第26話 知らずのうちに探られて

 出雲様を前にした黒羽は、じっと彼女のことを睨みながら話をする。


「貴方ですか。あの狐の責任者様と言うのは」

「おぉそうかそうか。凛から聞いてはおったのか。なら話は早いかのう」


 降りてきたところから、数歩ばかりか黒羽の方に近づいて挨拶する。


「改め申して。儂は出雲と言う。向こうの方では狐の里の長をしておるものじゃ」

「そうですか。そんな貴女が一体私ごときに、如何用なもので」

「そうカッカするではない。敵意は無いし、儂は友好的な話がしたいと思うておるからな」


 いきなり現れたことには驚いたが、一体出雲様は何を考えて黒羽の前に現れたんだ……?

 おい待て。今の姿……、九尾だよな?


「てか出雲様?! こんな白昼堂々その姿を晒してたら色々とマズいんじゃないんですか!?」

「その心配をする必要はないて。人避けの結界を張っておいたから問題は無い」


 いや……それで済む問題でもないでしょうよ。それって人が入れないだけであって、外からは見えてるとかそんなんじゃないのか? まぁ流石にこの人もそう愚かではないから、その辺は対策してあるか。多分。


「それにしても、この学園とやらは面白いところだのう。凛の奴が楽しそうにしとる理由も頷けるわい」

「あ、あのー……」


 何しに来たんすかあんた。


「元々の予定とは変わってはしまったが、やはりこの選択を取って正解じゃったわ。ふぉっふぉっふぉ」

「出雲さまー?」


 話聞いてます?


「ここからの眺めもなかなか良さげだからのぉ……。海まではちと遠くて見えぬか……」

「「……」」


 これから黒羽と話をするのかと思ったら、俺らのことを完全にほっぽいて、この世界を満喫し始めちまったし。
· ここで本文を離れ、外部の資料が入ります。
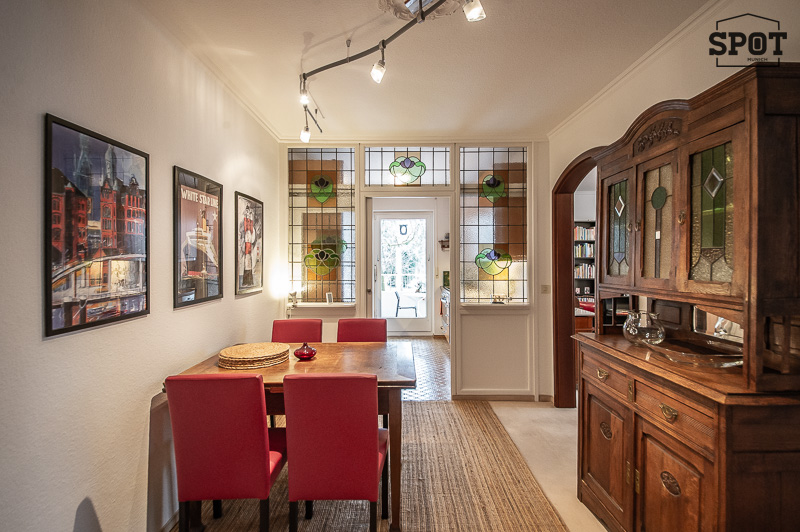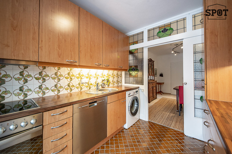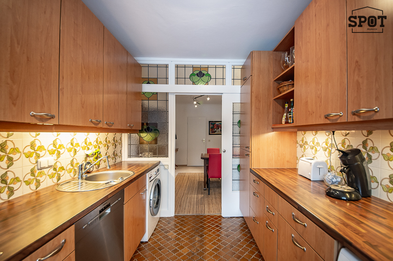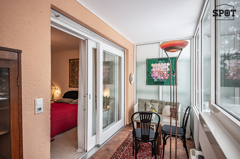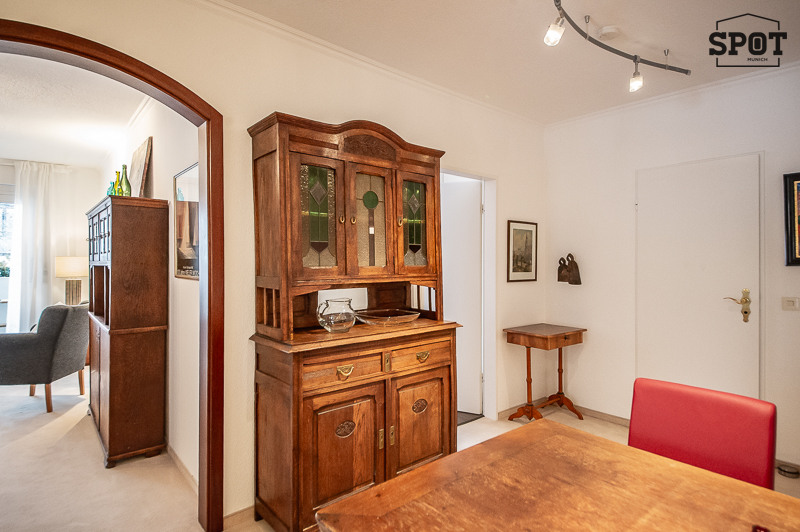 Die gemütliche 3 Zimmer Wohnung mit Wintergarten, Balkon und großem Garten befindet sich in Harlaching im Hochparterre eines gepflegten Mehrfamiliengebäudes (mit Lift). Sie ist ruhig zur Gartenseite gelegen und freundlich möbliert. Sie verfügt über drei Zimmer – einen Wohnbereich mit Zugang zum Balkon, ein Schlafzimmer mit angrenzendem Wintergarten und ein Gästezimmer (ebenfalls mit Zugang zum Balkon). Das Wohnzimmer ist mit zwei Sofas, Bücherregal, Schreibtisch mit Stuhl, Flat Screen TV, Tisch und Vitrine möbliert. Von hier hat man Zugang zum großen überdachten Balkon. Die separate Küche mit Türe zum Wintergarten bietet alles, was man täglich benötigt: Cerankochfeld mit Dunstabzug, Backofen, Geschirrspüler, Kühl- und Gefrierkombination, Waschmaschine und Trockner. Vom Wintergarten aus führt eine Treppe zum Garten. Der Essbereich grenzt an die Küche an und ist mit Esstisch mit 4 Stühlen und Vitrine möbliert. Das Schlafzimmer ist mit einem Doppelbett von 160 cm Breite, einem Kleiderschrank und einer Kommode ausgestattet. Ein weiterer Kleiderschrank mit ausreichend Stauraum befindet sich im Vorraum. Vom Schlafzimmer aus kann der Wintergarten zum ruhigen Garten betreten werden. Das moderne und zeitlos geflieste Badezimmer bietet eine Dusche, Badewanne, Spiegelschrank, Waschbecken mit Unterbau und WC. Gäste WC vorhanden. Im Eingangsbereich findet sich eine Garderobe und ein praktischer Schrank für Haushaltsgeräte und Schuhe. Eine Abstellkammer schafft zusätzlichen Stauraum. Ein eigener, in der Tiefgarage unter dem Gebäude gelegener PKW-Einzelstellplatz gehört zur Wohnung. english This cozy 3-room apartment with a conservatory, balcony, and large garden is located in Harlaching on the mezzanine floor of a well-maintained apartment building (with elevator). It is quietly situated on the garden side and is nicely furnished. It has three rooms—a living area with access to the balcony, a bedroom with adjoining conservatory, and a guest room (also with access to the balcony). The living room is furnished with two sofas, a bookshelf, a desk with chair, a flat-screen TV, a table, and a display cabinet. From here, you have access to the large covered balcony. The separate kitchen with a door to the conservatory offers everything you need on a daily basis: ceramic hob with extractor fan, oven, dishwasher, fridge-freezer, washing machine, and dryer. A staircase leads from the conservatory to the garden. The dining area is adjacent to the kitchen and is furnished with a dining table with 4 chairs and a display cabinet. The bedroom is equipped with a 160 cm wide double bed, a wardrobe, and a chest of drawers. Another wardrobe with ample storage space is located in the entrance hall. From the bedroom, you can access the conservatory leading to the quiet garden. The modern and timelessly tiled bathroom offers a shower, bathtub, mirror cabinet, washbasin with vanity unit, and toilet. Guest toilet available. In the entrance area, there is a coat rack and a practical cupboard for household appliances and shoes. A storage room provides additional storage space. The apartment has its own single parking space in the underground garage beneath the building.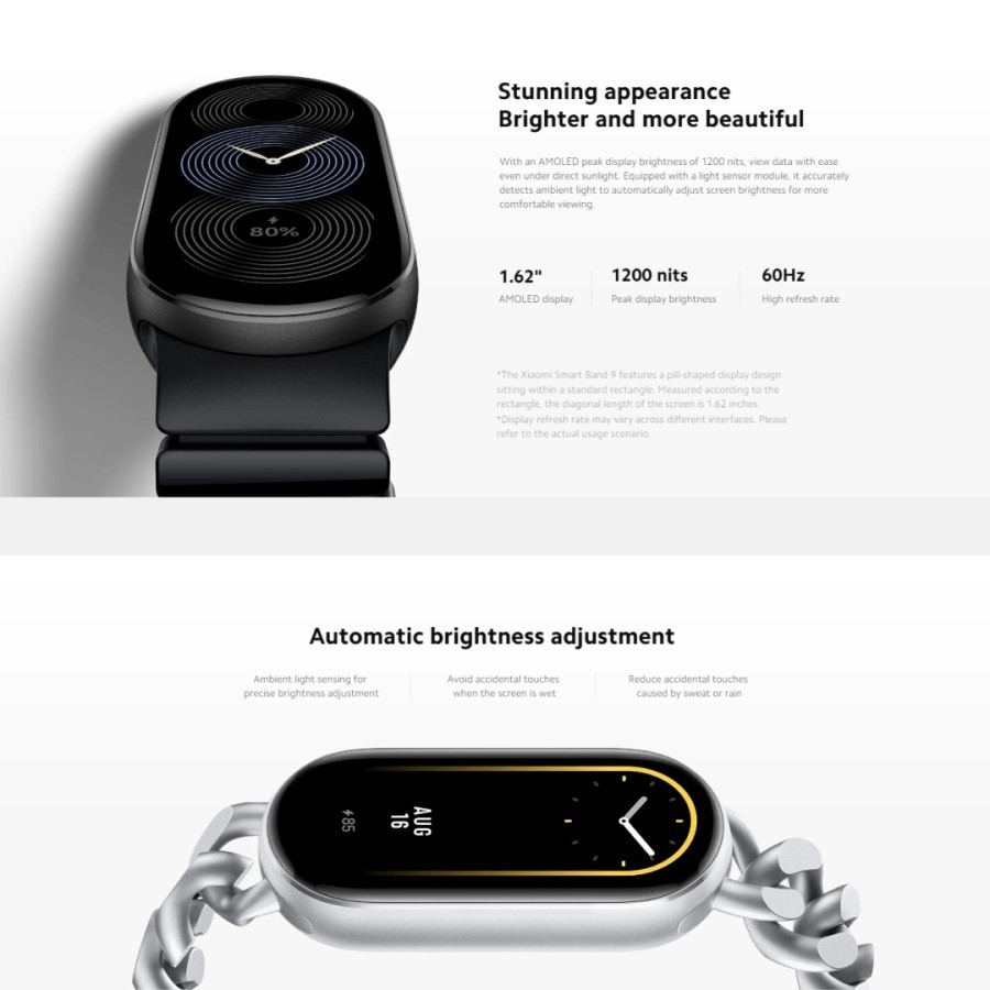 Xiaomi Smart Band 9 Amoled 1.62" 60Hz Jam Tangan 233Mah Up To 21 Days Mi Band 9 Jam Tangan Pintar

「架谷さん……あれどうにかならないんですか? これじゃあなんの為にあの方が来たのかさっぱりなんですが」

「黒羽。今のあんた同様に、俺もこれまで何かと苦労かけさせられてんだ。断る暇さえなかったなんて言ったが、大体はあの人の適当ぶりから来たもんだ」

「貴方、そうとう不運なのでは……」


 とうとう黒羽からでさえ同情される始末であった。なんとなくだが、そっちの事情とやらも機会があれば聞いてみたいもんだよ。少なくともこっちよりかは整ってるんだろうな。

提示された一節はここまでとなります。